* DATA SHOWN:
/---

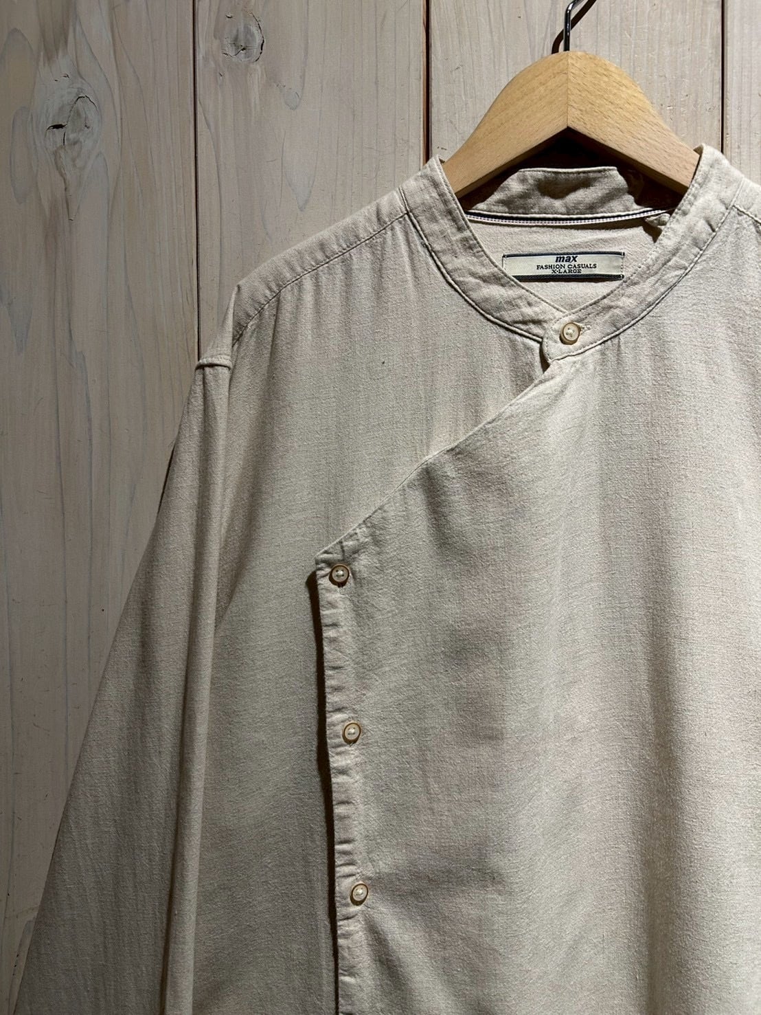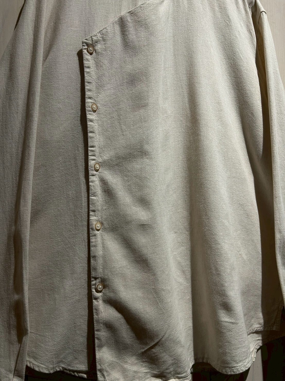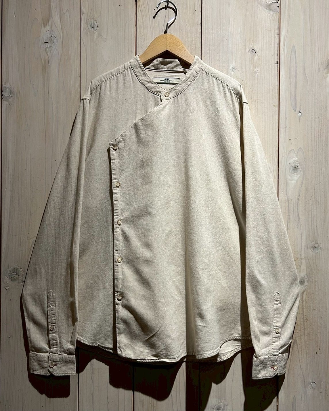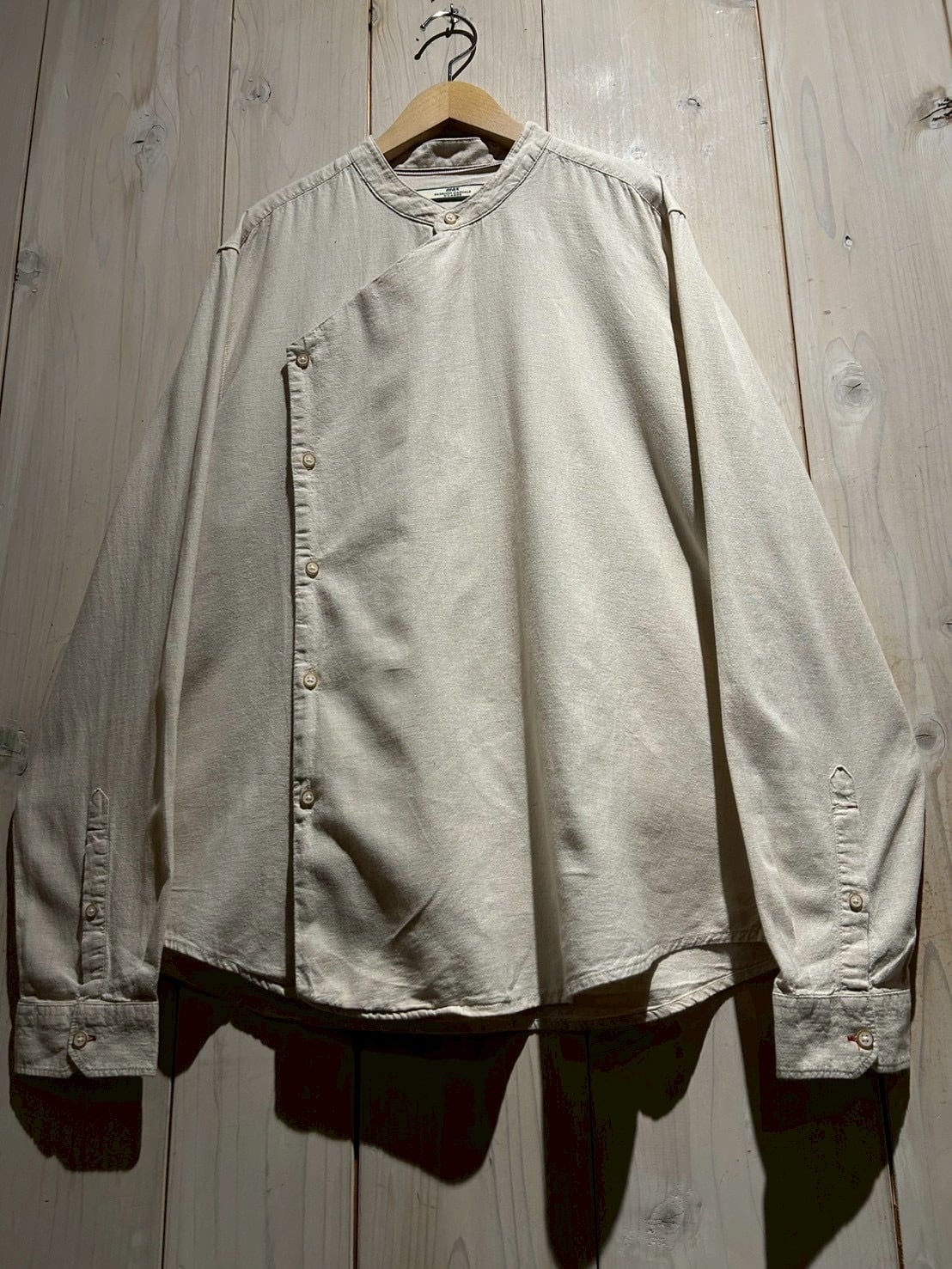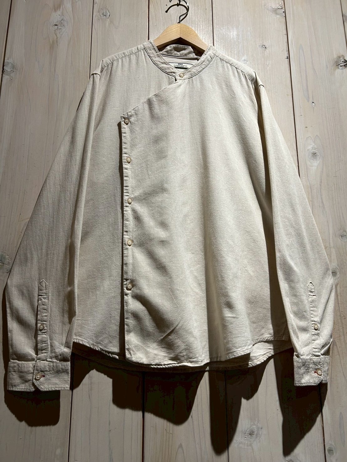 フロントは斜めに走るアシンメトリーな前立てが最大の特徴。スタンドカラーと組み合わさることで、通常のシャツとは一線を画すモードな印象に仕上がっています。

\---
/---

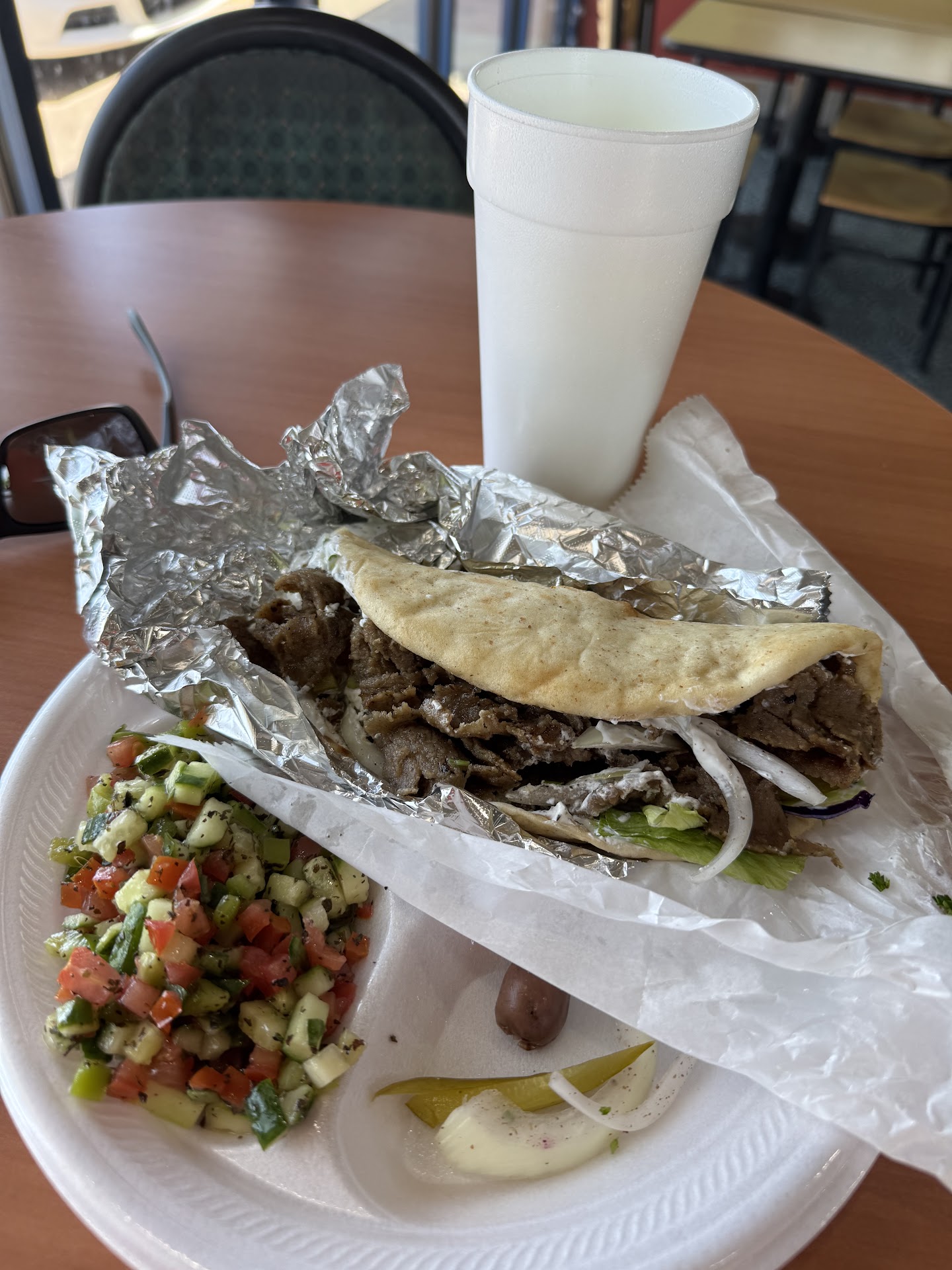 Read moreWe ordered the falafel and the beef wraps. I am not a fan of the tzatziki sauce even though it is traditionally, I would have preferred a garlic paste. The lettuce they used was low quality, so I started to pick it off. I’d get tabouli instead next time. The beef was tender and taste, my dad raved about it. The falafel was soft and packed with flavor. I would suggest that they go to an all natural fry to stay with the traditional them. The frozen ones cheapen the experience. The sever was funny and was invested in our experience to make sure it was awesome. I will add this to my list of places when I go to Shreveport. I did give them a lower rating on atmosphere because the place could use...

\---
/---

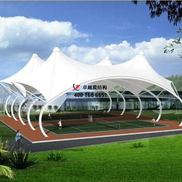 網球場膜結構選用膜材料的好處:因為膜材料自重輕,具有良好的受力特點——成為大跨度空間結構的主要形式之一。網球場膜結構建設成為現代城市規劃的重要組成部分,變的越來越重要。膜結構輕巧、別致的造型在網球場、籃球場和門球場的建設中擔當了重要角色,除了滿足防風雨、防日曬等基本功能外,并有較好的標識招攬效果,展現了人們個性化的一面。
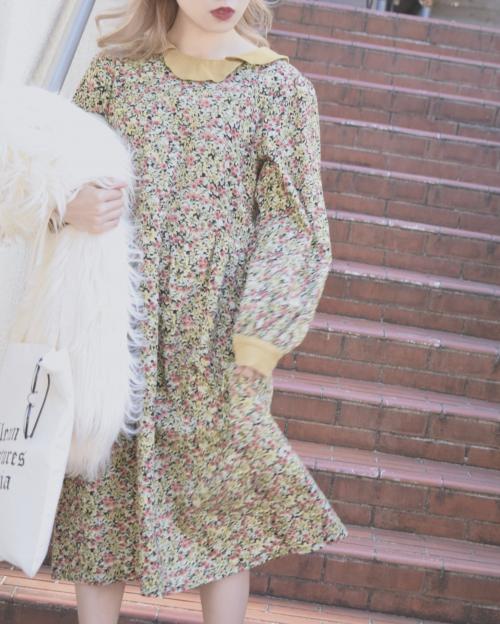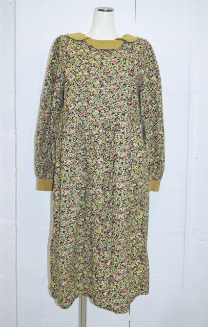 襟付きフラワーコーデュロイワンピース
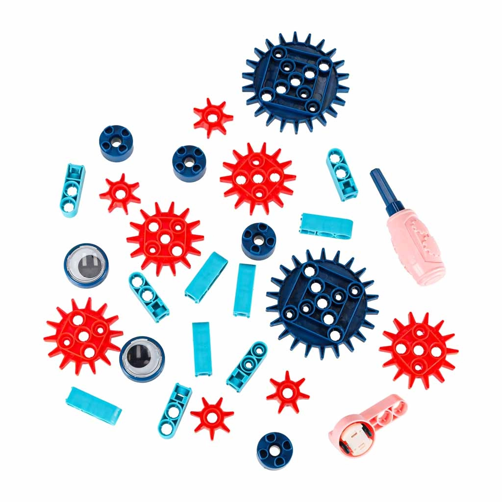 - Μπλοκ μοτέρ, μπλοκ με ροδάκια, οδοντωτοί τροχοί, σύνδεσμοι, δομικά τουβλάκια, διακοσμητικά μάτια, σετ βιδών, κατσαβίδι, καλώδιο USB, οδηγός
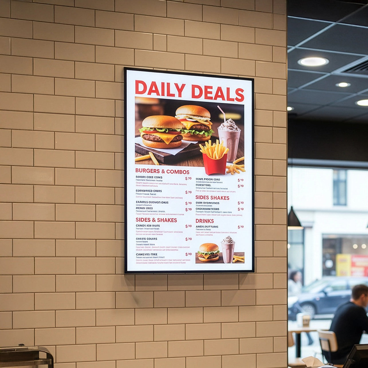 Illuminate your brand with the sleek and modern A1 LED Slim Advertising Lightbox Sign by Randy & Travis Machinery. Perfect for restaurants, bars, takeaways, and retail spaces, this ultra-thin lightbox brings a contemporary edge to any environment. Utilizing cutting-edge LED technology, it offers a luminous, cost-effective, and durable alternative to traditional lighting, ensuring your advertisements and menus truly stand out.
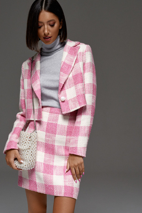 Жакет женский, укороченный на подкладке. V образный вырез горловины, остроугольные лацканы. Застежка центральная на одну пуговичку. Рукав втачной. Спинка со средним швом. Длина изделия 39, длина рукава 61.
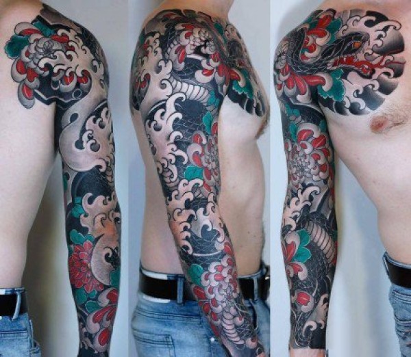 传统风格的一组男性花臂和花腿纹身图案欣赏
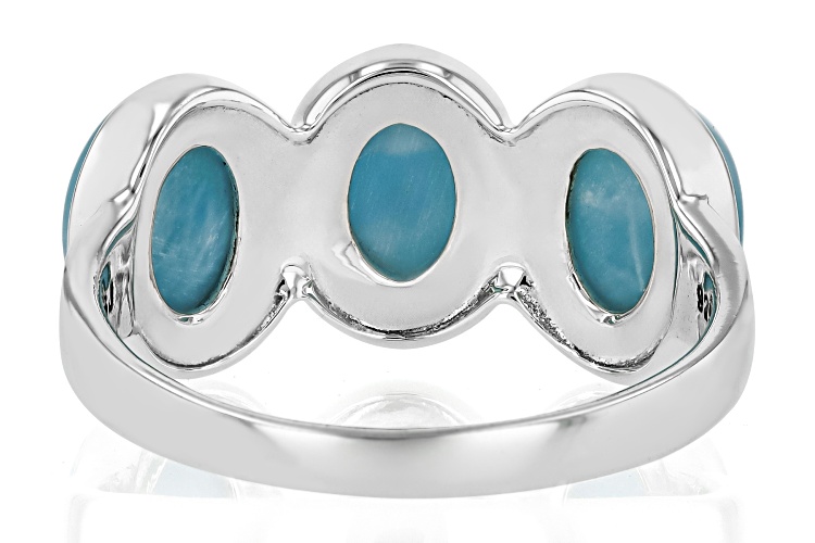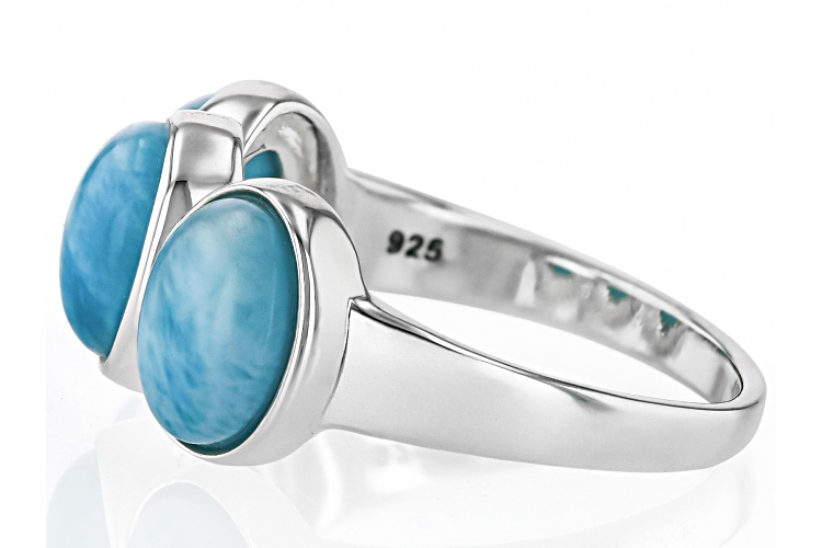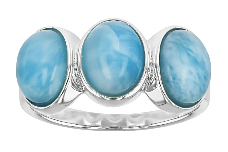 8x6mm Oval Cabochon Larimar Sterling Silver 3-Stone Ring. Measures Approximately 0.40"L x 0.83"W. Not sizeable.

\---

* TASK PROMPT: Only one stretch of the listing is wanted: the lines starting at the one with "Жакет женский, укороченный" and ending at the one with "8x6mm Oval Cabochon", copied exactly and free of pictures.

* ANSWER TO THIS EXERCISE:
 Жакет женский, укороченный на подкладке. V образный вырез горловины, остроугольные лацканы. Застежка центральная на одну пуговичку. Рукав втачной. Спинка со средним швом. Длина изделия 39, длина рукава 61.
 传统风格的一组男性花臂和花腿纹身图案欣赏
 8x6mm Oval Cabochon Larimar Sterling Silver 3-Stone Ring. Measures Approximately 0.40"L x 0.83"W. Not sizeable.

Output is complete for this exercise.